_Task instructions:_
What is needed is an exact copy of every record below.

_Data provided:_
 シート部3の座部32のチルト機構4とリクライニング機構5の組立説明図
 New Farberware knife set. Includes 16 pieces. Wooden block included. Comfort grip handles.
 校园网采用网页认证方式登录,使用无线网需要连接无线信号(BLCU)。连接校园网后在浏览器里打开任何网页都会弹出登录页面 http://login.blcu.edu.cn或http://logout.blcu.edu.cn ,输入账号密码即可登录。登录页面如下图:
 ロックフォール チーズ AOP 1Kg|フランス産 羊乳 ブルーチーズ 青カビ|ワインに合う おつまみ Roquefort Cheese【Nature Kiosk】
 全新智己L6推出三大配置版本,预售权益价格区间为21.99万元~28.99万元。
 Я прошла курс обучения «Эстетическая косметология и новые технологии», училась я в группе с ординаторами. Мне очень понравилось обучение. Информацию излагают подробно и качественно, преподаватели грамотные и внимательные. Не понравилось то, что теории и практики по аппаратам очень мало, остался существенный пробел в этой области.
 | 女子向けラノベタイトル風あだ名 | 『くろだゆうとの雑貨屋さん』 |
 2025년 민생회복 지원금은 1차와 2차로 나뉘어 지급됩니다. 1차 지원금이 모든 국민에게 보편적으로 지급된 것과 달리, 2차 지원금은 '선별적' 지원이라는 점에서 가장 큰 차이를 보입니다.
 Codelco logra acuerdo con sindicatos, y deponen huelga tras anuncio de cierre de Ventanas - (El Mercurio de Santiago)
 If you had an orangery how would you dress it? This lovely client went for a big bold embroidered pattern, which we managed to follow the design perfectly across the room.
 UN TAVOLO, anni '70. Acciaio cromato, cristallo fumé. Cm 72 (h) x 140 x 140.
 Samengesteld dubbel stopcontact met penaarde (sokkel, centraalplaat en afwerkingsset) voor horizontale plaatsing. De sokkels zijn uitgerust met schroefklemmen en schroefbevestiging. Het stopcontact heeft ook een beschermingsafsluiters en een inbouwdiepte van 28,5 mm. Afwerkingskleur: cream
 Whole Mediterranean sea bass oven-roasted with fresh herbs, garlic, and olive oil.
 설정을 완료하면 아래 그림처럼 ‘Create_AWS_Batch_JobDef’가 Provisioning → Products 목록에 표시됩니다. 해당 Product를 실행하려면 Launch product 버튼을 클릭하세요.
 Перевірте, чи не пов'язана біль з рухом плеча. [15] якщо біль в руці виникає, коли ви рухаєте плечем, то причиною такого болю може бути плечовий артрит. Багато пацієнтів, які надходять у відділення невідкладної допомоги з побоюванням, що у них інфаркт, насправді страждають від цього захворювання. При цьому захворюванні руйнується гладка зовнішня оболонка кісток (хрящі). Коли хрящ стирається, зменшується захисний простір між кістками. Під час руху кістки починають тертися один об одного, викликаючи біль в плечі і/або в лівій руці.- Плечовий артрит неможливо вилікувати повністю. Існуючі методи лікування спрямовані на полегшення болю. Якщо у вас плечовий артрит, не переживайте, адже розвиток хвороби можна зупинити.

_Written response:_
 シート部3の座部32のチルト機構4とリクライニング機構5の組立説明図
 New Farberware knife set. Includes 16 pieces. Wooden block included. Comfort grip handles.
 校园网采用网页认证方式登录,使用无线网需要连接无线信号(BLCU)。连接校园网后在浏览器里打开任何网页都会弹出登录页面 http://login.blcu.edu.cn或http://logout.blcu.edu.cn ,输入账号密码即可登录。登录页面如下图:
 ロックフォール チーズ AOP 1Kg|フランス産 羊乳 ブルーチーズ 青カビ|ワインに合う おつまみ Roquefort Cheese【Nature Kiosk】
 全新智己L6推出三大配置版本,预售权益价格区间为21.99万元~28.99万元。
 Я прошла курс обучения «Эстетическая косметология и новые технологии», училась я в группе с ординаторами. Мне очень понравилось обучение. Информацию излагают подробно и качественно, преподаватели грамотные и внимательные. Не понравилось то, что теории и практики по аппаратам очень мало, остался существенный пробел в этой области.
 | 女子向けラノベタイトル風あだ名 | 『くろだゆうとの雑貨屋さん』 |
 2025년 민생회복 지원금은 1차와 2차로 나뉘어 지급됩니다. 1차 지원금이 모든 국민에게 보편적으로 지급된 것과 달리, 2차 지원금은 '선별적' 지원이라는 점에서 가장 큰 차이를 보입니다.
 Codelco logra acuerdo con sindicatos, y deponen huelga tras anuncio de cierre de Ventanas - (El Mercurio de Santiago)
 If you had an orangery how would you dress it? This lovely client went for a big bold embroidered pattern, which we managed to follow the design perfectly across the room.
 UN TAVOLO, anni '70. Acciaio cromato, cristallo fumé. Cm 72 (h) x 140 x 140.
 Samengesteld dubbel stopcontact met penaarde (sokkel, centraalplaat en afwerkingsset) voor horizontale plaatsing. De sokkels zijn uitgerust met schroefklemmen en schroefbevestiging. Het stopcontact heeft ook een beschermingsafsluiters en een inbouwdiepte van 28,5 mm. Afwerkingskleur: cream
 Whole Mediterranean sea bass oven-roasted with fresh herbs, garlic, and olive oil.
 설정을 완료하면 아래 그림처럼 ‘Create_AWS_Batch_JobDef’가 Provisioning → Products 목록에 표시됩니다. 해당 Product를 실행하려면 Launch product 버튼을 클릭하세요.
 Перевірте, чи не пов'язана біль з рухом плеча. [15] якщо біль в руці виникає, коли ви рухаєте плечем, то причиною такого болю може бути плечовий артрит. Багато пацієнтів, які надходять у відділення невідкладної допомоги з побоюванням, що у них інфаркт, насправді страждають від цього захворювання. При цьому захворюванні руйнується гладка зовнішня оболонка кісток (хрящі). Коли хрящ стирається, зменшується захисний простір між кістками. Під час руху кістки починають тертися один об одного, викликаючи біль в плечі і/або в лівій руці.- Плечовий артрит неможливо вилікувати повністю. Існуючі методи лікування спрямовані на полегшення болю. Якщо у вас плечовий артрит, не переживайте, адже розвиток хвороби можна зупинити.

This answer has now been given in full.